*** Opening DATA RECORDS ***
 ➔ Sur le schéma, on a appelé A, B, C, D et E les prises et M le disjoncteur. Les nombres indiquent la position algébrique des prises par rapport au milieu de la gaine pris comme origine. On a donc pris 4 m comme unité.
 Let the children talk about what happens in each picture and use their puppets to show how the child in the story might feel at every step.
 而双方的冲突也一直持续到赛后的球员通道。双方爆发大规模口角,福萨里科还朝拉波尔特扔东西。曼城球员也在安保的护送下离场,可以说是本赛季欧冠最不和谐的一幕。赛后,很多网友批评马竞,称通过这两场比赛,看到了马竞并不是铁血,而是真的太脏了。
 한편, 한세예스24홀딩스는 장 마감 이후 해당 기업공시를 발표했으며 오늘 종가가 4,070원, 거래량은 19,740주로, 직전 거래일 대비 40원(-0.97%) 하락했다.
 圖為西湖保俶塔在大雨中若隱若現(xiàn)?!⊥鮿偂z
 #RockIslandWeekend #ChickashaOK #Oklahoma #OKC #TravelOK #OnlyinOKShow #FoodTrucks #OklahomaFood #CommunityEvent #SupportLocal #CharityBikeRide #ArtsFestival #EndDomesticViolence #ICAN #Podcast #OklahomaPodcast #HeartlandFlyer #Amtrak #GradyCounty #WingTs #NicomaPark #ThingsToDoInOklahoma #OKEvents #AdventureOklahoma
*** Closing DATA RECORDS ***
*** Opening DATA RECORDS ***
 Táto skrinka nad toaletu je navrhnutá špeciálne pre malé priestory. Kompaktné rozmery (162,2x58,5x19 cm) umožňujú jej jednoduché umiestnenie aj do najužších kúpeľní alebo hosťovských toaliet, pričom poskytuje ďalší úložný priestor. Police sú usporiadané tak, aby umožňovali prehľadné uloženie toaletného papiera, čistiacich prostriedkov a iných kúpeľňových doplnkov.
*** Closing DATA RECORDS ***
*** Opening DATA RECORDS ***
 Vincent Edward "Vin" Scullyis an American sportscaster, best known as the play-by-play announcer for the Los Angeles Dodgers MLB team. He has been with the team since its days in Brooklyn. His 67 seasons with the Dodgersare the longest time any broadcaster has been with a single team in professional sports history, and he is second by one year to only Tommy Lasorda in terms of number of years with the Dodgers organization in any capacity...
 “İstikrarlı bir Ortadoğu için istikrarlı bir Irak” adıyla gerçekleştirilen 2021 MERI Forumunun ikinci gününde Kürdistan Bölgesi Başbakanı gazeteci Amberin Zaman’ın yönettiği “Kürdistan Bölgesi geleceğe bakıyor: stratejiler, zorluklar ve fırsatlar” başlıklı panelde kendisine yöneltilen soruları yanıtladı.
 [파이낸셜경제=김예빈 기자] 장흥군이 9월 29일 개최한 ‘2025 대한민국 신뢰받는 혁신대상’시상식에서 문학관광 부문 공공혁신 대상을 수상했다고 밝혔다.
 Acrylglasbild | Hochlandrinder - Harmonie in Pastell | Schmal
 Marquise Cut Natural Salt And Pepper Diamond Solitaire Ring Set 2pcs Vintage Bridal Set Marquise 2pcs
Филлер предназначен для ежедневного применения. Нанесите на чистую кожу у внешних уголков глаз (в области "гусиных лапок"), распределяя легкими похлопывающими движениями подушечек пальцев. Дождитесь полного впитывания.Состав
*** Closing DATA RECORDS ***
• _WORK TO BE COMPLETED_
For this task, write out exactly the lines of the entries above, starting at the line with "圖為西湖保俶塔在大雨中若隱若現(xiàn)?!⊥鮿偂z" and ending at the line with "#RockIslandWeekend #ChickashaOK #Oklahoma", both included, and no others.

• _TASK SOLUTION_
 圖為西湖保俶塔在大雨中若隱若現(xiàn)?!⊥鮿偂z
 #RockIslandWeekend #ChickashaOK #Oklahoma #OKC #TravelOK #OnlyinOKShow #FoodTrucks #OklahomaFood #CommunityEvent #SupportLocal #CharityBikeRide #ArtsFestival #EndDomesticViolence #ICAN #Podcast #OklahomaPodcast #HeartlandFlyer #Amtrak #GradyCounty #WingTs #NicomaPark #ThingsToDoInOklahoma #OKEvents #AdventureOklahoma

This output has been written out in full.